**ASSIGNMENT:** Every line of the listing below must be printed again exactly, apart from its pictures.

**AVAILABLE DATA:**
──────────────────────────────
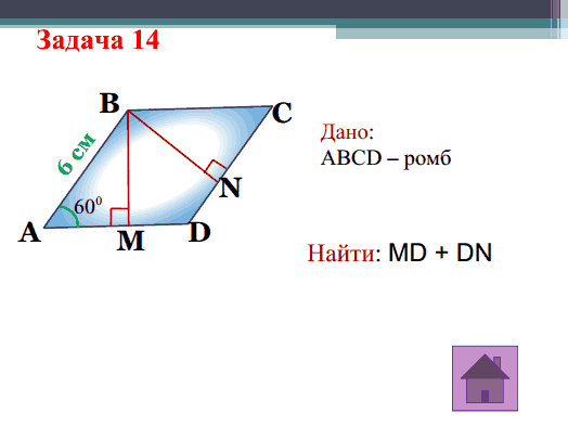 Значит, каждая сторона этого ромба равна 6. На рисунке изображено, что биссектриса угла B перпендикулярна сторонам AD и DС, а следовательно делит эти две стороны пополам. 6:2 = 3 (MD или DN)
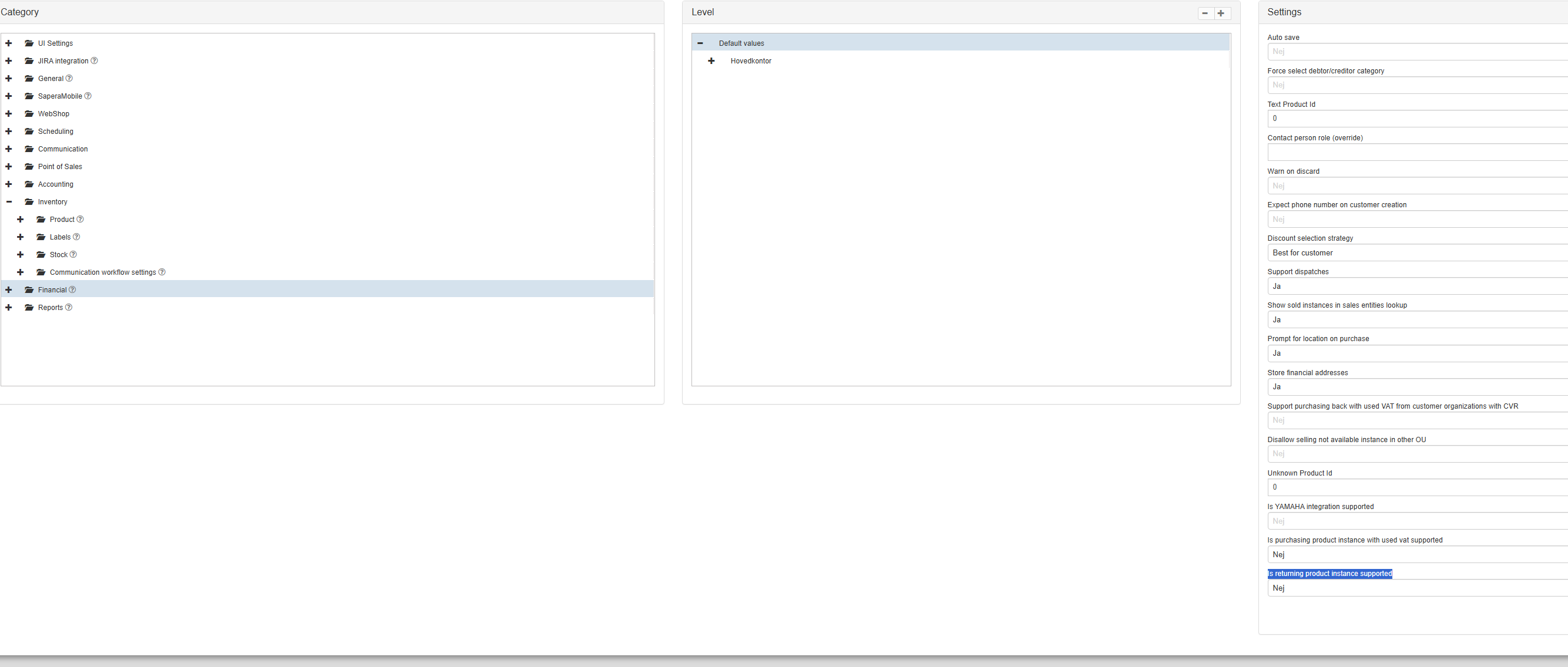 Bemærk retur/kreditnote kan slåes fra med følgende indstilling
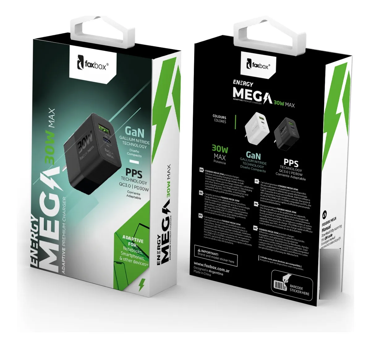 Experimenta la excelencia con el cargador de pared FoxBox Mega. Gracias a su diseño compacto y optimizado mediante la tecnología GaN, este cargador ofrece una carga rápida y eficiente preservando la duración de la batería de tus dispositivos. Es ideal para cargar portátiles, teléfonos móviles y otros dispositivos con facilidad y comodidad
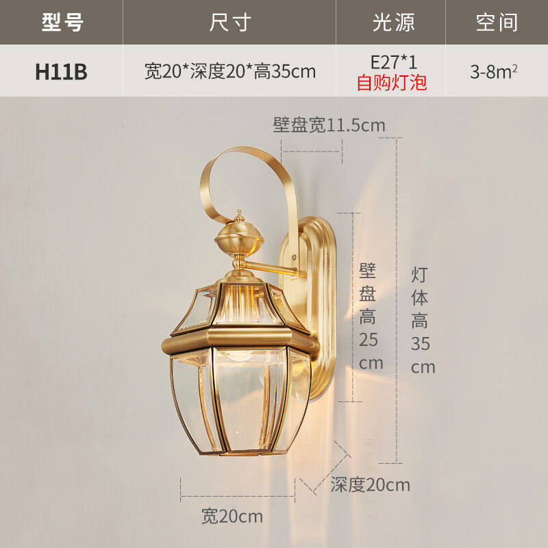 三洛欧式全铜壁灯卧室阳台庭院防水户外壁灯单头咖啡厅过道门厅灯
──────────────────────────────
**THE COMPLETED TASK:**
 Значит, каждая сторона этого ромба равна 6. На рисунке изображено, что биссектриса угла B перпендикулярна сторонам AD и DС, а следовательно делит эти две стороны пополам. 6:2 = 3 (MD или DN)
 Bemærk retur/kreditnote kan slåes fra med følgende indstilling
 Experimenta la excelencia con el cargador de pared FoxBox Mega. Gracias a su diseño compacto y optimizado mediante la tecnología GaN, este cargador ofrece una carga rápida y eficiente preservando la duración de la batería de tus dispositivos. Es ideal para cargar portátiles, teléfonos móviles y otros dispositivos con facilidad y comodidad
 三洛欧式全铜壁灯卧室阳台庭院防水户外壁灯单头咖啡厅过道门厅灯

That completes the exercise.